» ACTIVITY:
What is needed is an exact copy of the lines in the entries below from the one holding "Writers Announced For MTV's 'Scream' Series" through the one holding "SEN. GEORGE MCGOVERN", pictures excluded.

··· DATA TO EXAMINE

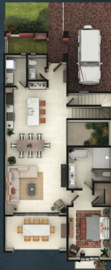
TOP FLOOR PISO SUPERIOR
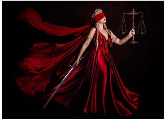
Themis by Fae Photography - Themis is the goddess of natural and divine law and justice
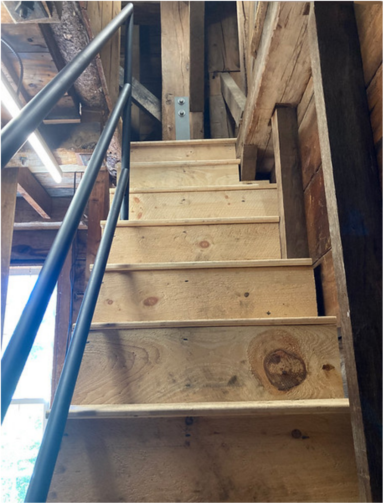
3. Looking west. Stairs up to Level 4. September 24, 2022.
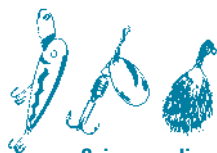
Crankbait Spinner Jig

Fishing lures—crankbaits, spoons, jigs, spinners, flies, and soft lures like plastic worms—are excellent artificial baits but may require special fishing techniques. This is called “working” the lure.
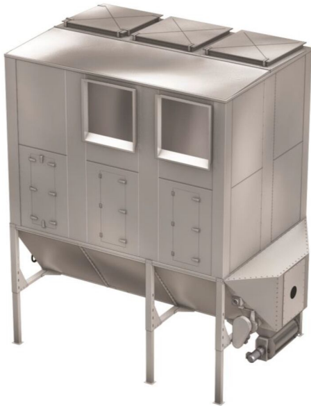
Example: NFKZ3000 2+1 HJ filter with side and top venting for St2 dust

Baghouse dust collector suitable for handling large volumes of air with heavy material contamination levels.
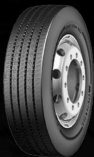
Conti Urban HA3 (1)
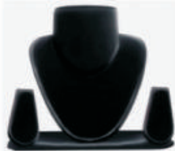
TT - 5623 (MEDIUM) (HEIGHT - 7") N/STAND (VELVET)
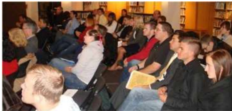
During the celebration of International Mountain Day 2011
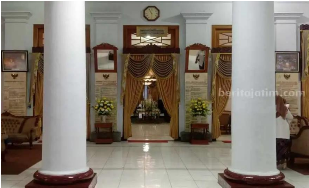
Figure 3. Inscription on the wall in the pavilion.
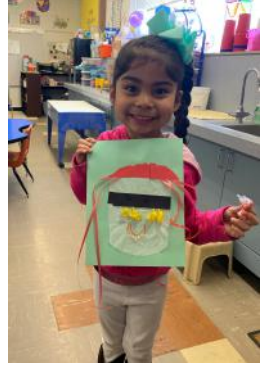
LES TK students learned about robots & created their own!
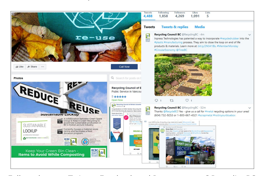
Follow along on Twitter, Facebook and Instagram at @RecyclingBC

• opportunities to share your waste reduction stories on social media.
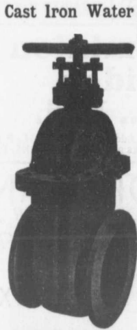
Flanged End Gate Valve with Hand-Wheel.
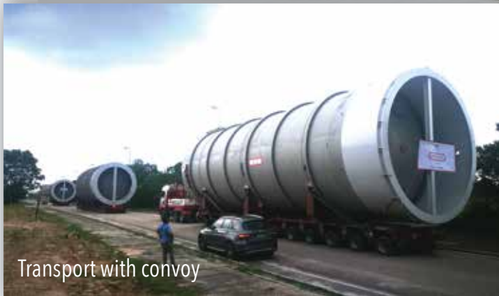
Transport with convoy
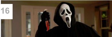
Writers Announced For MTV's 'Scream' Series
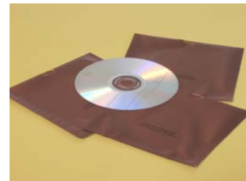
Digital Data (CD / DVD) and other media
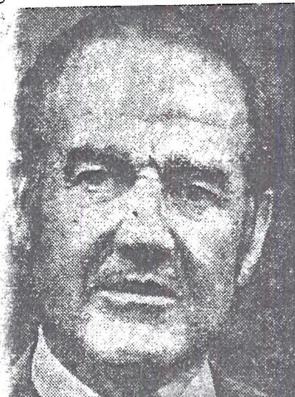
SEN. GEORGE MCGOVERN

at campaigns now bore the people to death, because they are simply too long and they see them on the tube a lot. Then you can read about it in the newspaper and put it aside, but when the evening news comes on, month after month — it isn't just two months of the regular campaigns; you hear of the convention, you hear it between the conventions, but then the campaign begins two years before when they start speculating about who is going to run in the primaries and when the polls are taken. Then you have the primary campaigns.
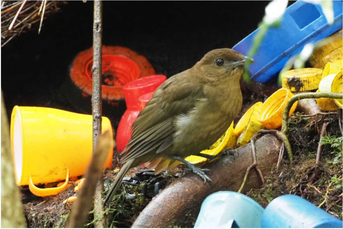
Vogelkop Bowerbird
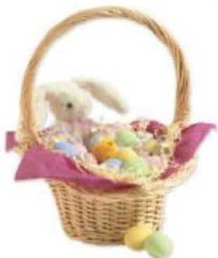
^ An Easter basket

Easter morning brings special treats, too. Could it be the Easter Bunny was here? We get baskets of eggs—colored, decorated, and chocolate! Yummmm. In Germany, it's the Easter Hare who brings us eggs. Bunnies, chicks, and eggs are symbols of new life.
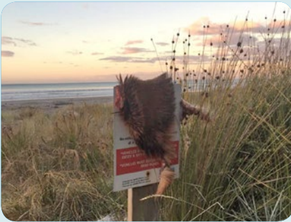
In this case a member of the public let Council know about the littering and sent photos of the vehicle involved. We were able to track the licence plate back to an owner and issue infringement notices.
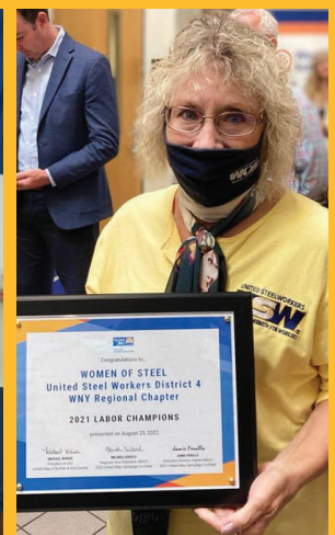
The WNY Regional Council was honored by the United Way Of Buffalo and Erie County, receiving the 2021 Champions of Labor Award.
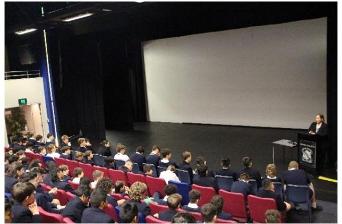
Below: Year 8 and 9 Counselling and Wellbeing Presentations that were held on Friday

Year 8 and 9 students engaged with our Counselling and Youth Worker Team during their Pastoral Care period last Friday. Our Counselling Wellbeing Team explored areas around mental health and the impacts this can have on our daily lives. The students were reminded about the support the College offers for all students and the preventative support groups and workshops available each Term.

······

» YOUR SOLUTION:
Writers Announced For MTV's 'Scream' Series
Digital Data (CD / DVD) and other media
SEN. GEORGE MCGOVERN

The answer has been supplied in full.